Exophers are notable for their large size, averaging approximately four microns in diameter, and they are able to expel whole organelles, such as mitochondria and lysosomes as cargo.[1] An exopher can initially remain attached to the cell that produced it by a membranous filament that resembles a tunneling nanotube. Exophers share similarities with large oncosomes, but they differ in that they are produced by physiologically normal cells instead of aberrant cells associated with tumors.[5]

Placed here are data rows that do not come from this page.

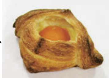
ホイロ後冷凍デニッシュ (冷凍保管約100日後)
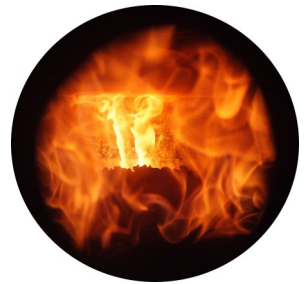
▲ Foyer chaudière
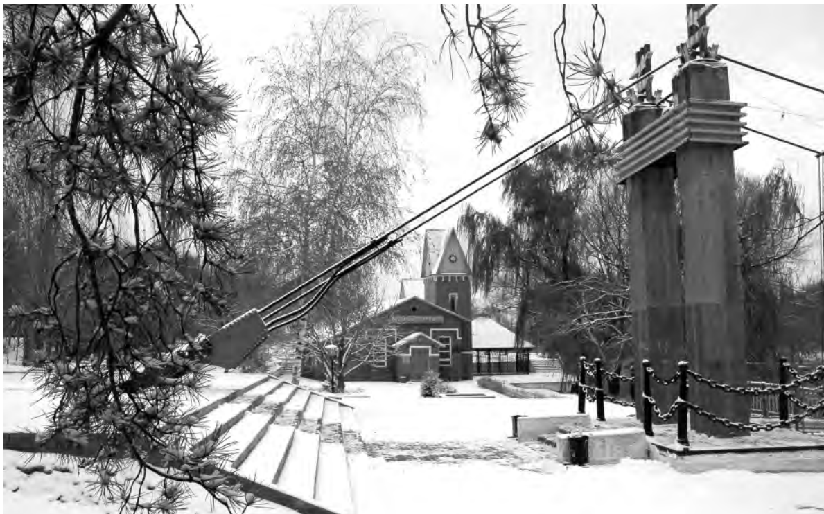
Набережная. 1990-е годы.

Exopher production is thought to be a mechanism cells use to preserve homeostasis. Exophers are produced in response to numerous stressors including intracellular protein aggregation, reactive oxygen species (ROS),[1] heat, osmotic hyertonicity, starvation,[6] and even space flight.[7] Extracellular signaling receptor MERTK, expressed by cardiac-resident macrophages, is necessary for exopher clearance by phagocytosis in mouse-derived cardiac tissue.[3]

Exophers may be relevant to disease. In mouse heart, eliminating macrophages or blocking their ability to engulf exophers lead to inflammation and ventricular dysregulation.[3] Exophers may also promote pathological protein spreading in neurodegenerative diseases due to their ability to carry aggregated proteins outside of neurons, including human huntingtin protein.[1]